_TASK GOAL_. Begin at the line containing "Feeding the Ground." in the records below, end at the line containing "We had a little", and retype each line in that span exactly. No other line and no image should appear.

_DATASET RECORDS_.
◇ ◇ ◇ ◇ ◇ ◇ ◇
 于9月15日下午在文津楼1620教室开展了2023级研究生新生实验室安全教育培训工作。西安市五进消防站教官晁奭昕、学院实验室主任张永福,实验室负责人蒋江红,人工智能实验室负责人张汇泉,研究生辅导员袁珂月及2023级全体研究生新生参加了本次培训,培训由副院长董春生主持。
◇ ◇ ◇ ◇ ◇ ◇ ◇
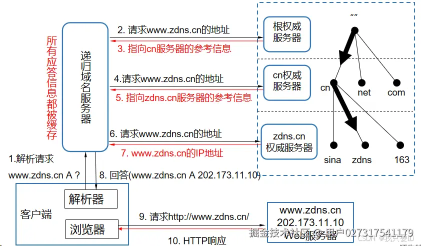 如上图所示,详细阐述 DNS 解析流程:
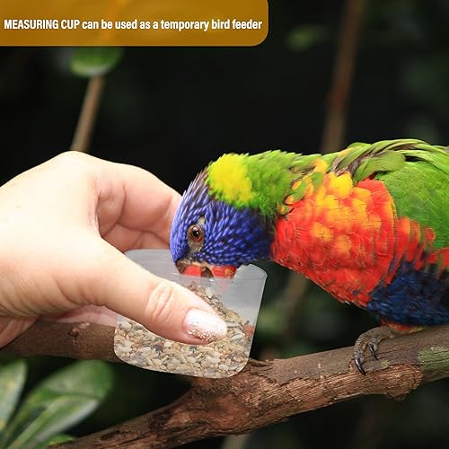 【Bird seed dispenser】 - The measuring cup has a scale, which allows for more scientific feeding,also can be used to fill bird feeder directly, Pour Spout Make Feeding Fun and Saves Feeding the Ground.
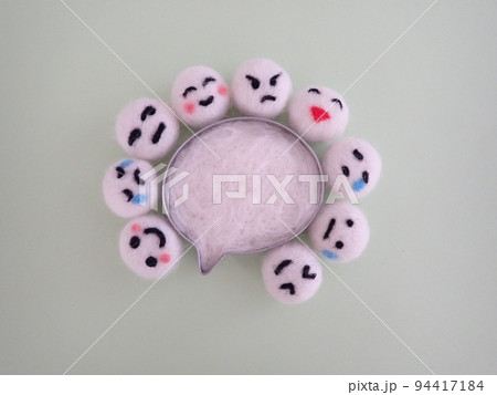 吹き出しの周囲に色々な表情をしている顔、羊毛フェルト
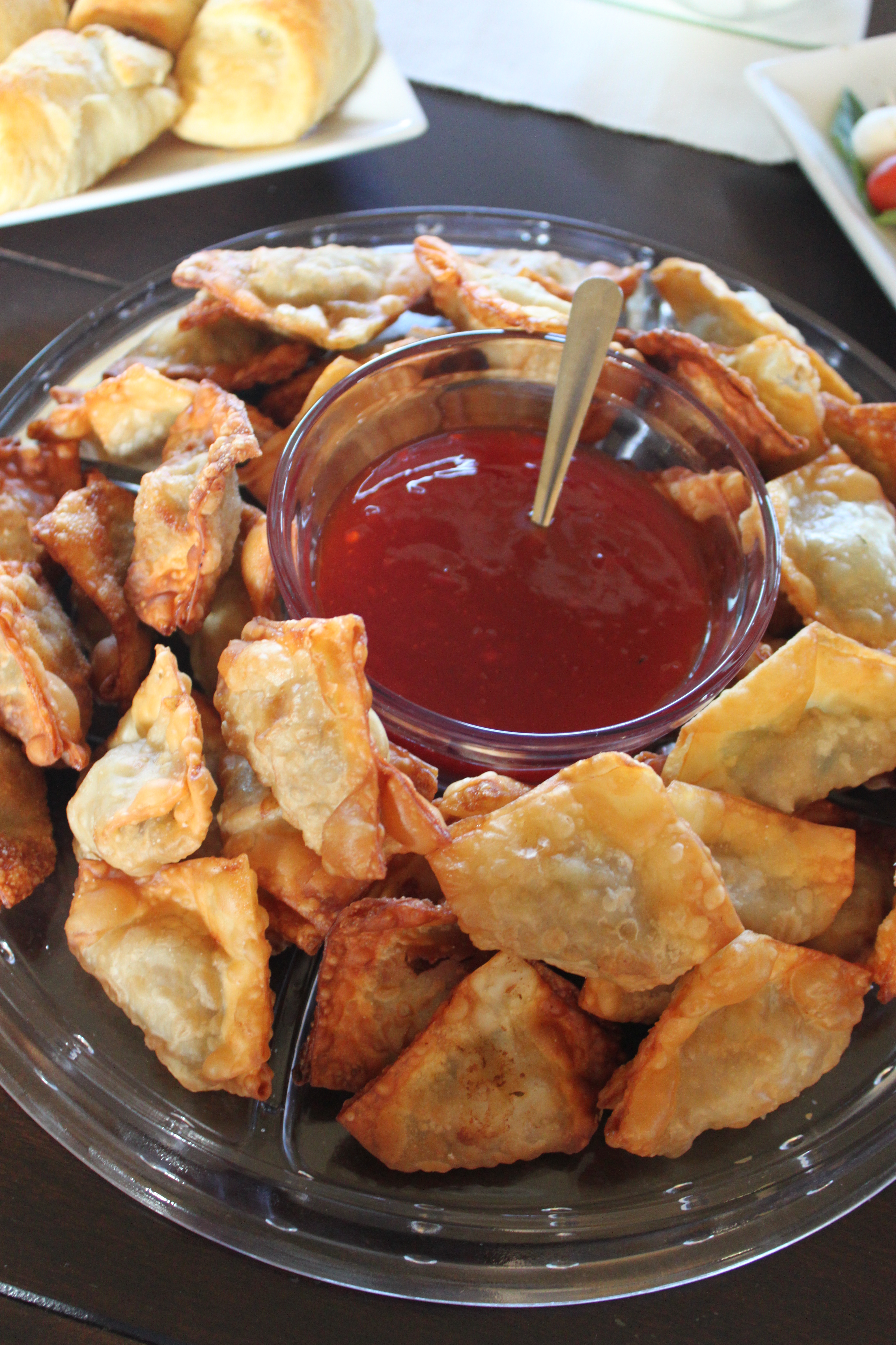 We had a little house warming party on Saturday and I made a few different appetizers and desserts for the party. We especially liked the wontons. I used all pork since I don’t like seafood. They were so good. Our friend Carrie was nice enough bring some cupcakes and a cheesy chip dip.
◇ ◇ ◇ ◇ ◇ ◇ ◇
_RESULT_.
 【Bird seed dispenser】 - The measuring cup has a scale, which allows for more scientific feeding,also can be used to fill bird feeder directly, Pour Spout Make Feeding Fun and Saves Feeding the Ground.
 吹き出しの周囲に色々な表情をしている顔、羊毛フェルト
 We had a little house warming party on Saturday and I made a few different appetizers and desserts for the party. We especially liked the wontons. I used all pork since I don’t like seafood. They were so good. Our friend Carrie was nice enough bring some cupcakes and a cheesy chip dip.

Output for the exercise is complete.